The company reduced debt by \$200 million during 2013 and has no major debt maturities until 2015 and 2016, when \$500 million and \$1 billion of senior notes mature, respectively. Fitch expects the company will refinance \$1-\$1.2 billion of these debt maturities, reducing overall debt by \$300 million to \$500 million by 2016.

FREE CASH FLOW GENERATION

Masco reported strong FCF during 2013 and 2014, generating \$378 million (4.6%) and \$323 million (3.8% of sales), respectively. By comparison, the company had FCF of \$15 million (0.2%) during 2012 and negative \$37 million during 2011. Masco has historically reported strong FCF, generating about \$5.7 billion during the 2000-2010 periods (approximately 5.2% of total revenues during the time period). Fitch expects Masco will generate FCF of approximately 3.5% - 4.5% of revenues during the next few years.

KEY ASSUMPTIONS

Fitch's key assumptions within its rating case for the issuer include:

--Total industry housing starts improve 13.8%, while new and existing home sales grow 18% and 4.3%, respectively, in 2015;
--Home improvement spending advances 6% during 2015;
--The company's installation and other services business is spun-off in mid-2015;
--Masco's revenues (excluding the results of the installation business) grow mid single-digits and the company reports slight improvement in pro forma operating profit margins in 2015;
--Debt/EBITDA between 3.0x-3.5x and interest coverage at or above 4.5x during 2015;
--Share repurchases of \$400 million to \$500 million in 2015;
--Debt reduction of \$300 million-\$500 million by year-end 2016.

RATING SENSITIVITIES

Future ratings and Outlooks will be influenced by broad end-market trends, as well as company specific activity, particularly FCF trends and uses, and liquidity position.

Additional positive rating actions may be considered in the next 12-18 months if the housing and home improvement markets continue to rebound and the company shows sustained improvement in financial results and credit metrics, including debt to EBITDA levels approaching 2.5x (and the expectation that leverage is sustained at or below this level), interest coverage consistently above 6x, and FCF margin in excess of 3.5%.

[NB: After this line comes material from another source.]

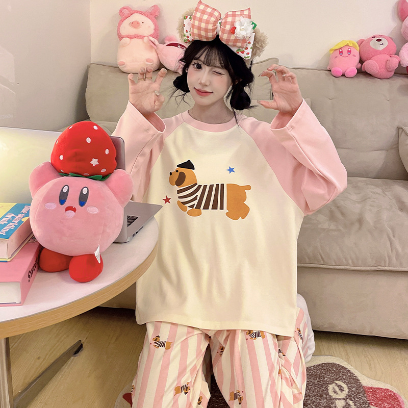 2024新型パジャマ男性春秋綿質長袖アニメゆるい青少年は家庭服セットを着ることができる
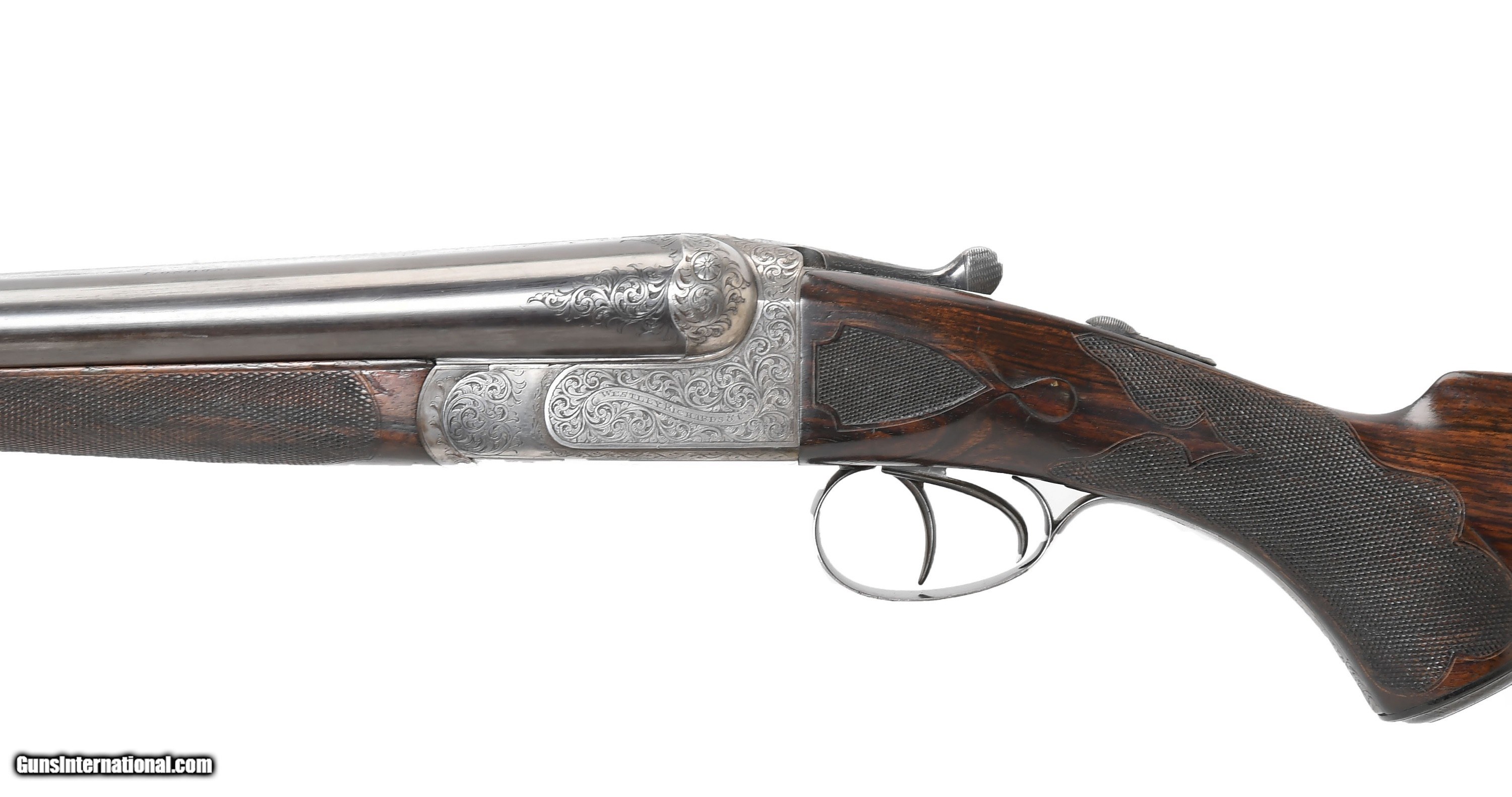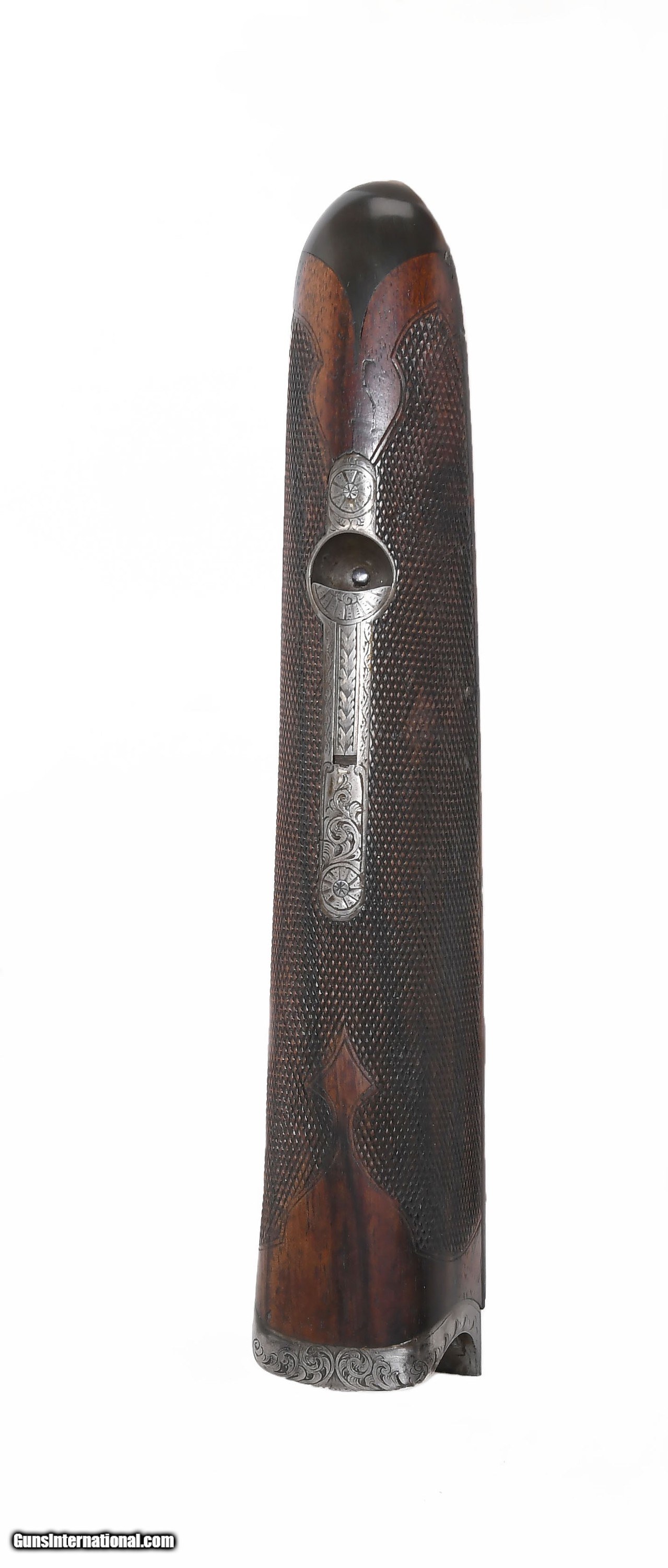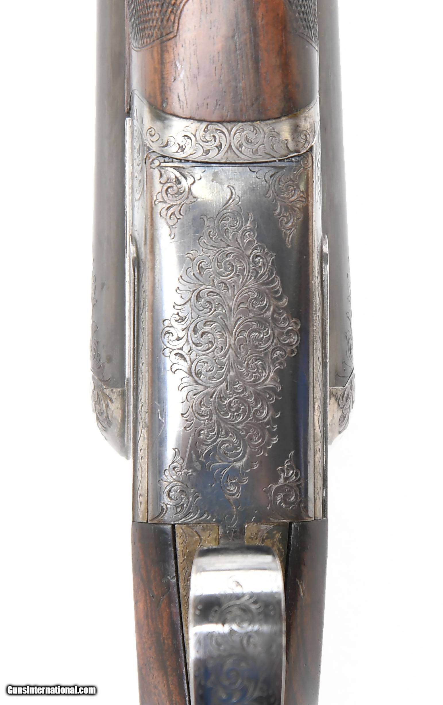 Description: Westley Richards, Droplock action, 12 gauge SxS shotgun, circa 1920’s. Of note from Westley Richards is that the configuration of this gun with the raised panels on the action, the square back (not scalloped), clipped fences, and this engraving pattern were called The “Travers” Gun. Conjecture is that the gun was so named because of a well-known shooting club on Travers Island near New York! Some examples have been found with “Travers” engraved on top of the barrels. The engraved action has a hinged floor plate with correctly numbered drop locks in the gun. Double triggers, automatic ejectors, automatic safety, rib extension and side clips (clipped fences). It has 26” solid rib barrels. The right bore is .738” with .009” choke (I/C) and minimum wall thickness of .035”. The left bore is .734” with .030” choke (Full) also with a minimum wall thickness of .035”. Both have 2 ¾” (70mm) chambers. Bores are bright and shiny. The stock has a 14 1/8” LOP over what could be an original leather faced recoil pad with 1 5/8” DAC and 2 ¾” DAH. 3/8" right hand cast. Very interesting Droplock in fine condition. Weighs 6 lbs. 5 oz. SN: T8974 SOLD Curio/Relic: Yes |

On the other hand, a negative rating action may be considered if the recovery in the U.S. housing and home improvement markets dissipate, leading to weaker than expected credit metrics, including EBITDA margins at or below 10%, debt to EBITDA levels consistently above 4.0x and interest coverage falls below 4.0x.

Fitch has upgraded Masco's ratings as follows:

--IDR to 'BB+' from 'BB';
--Senior unsecured debt to 'BB+/RR4' from 'BB';
--Unsecured revolving credit facility to 'BB+/RR4' from 'BB'.

In accordance with Fitch's updated Recovery Rating (RR) methodology, Fitch is now providing RRs to issuers with IDRs in the 'BB' category. The Recovery Rating (RR) of '4' for Masco's senior unsecured debt supports a rating of 'BB+', the same as Masco's IDR, and reflects average recovery prospects in a distressed scenario.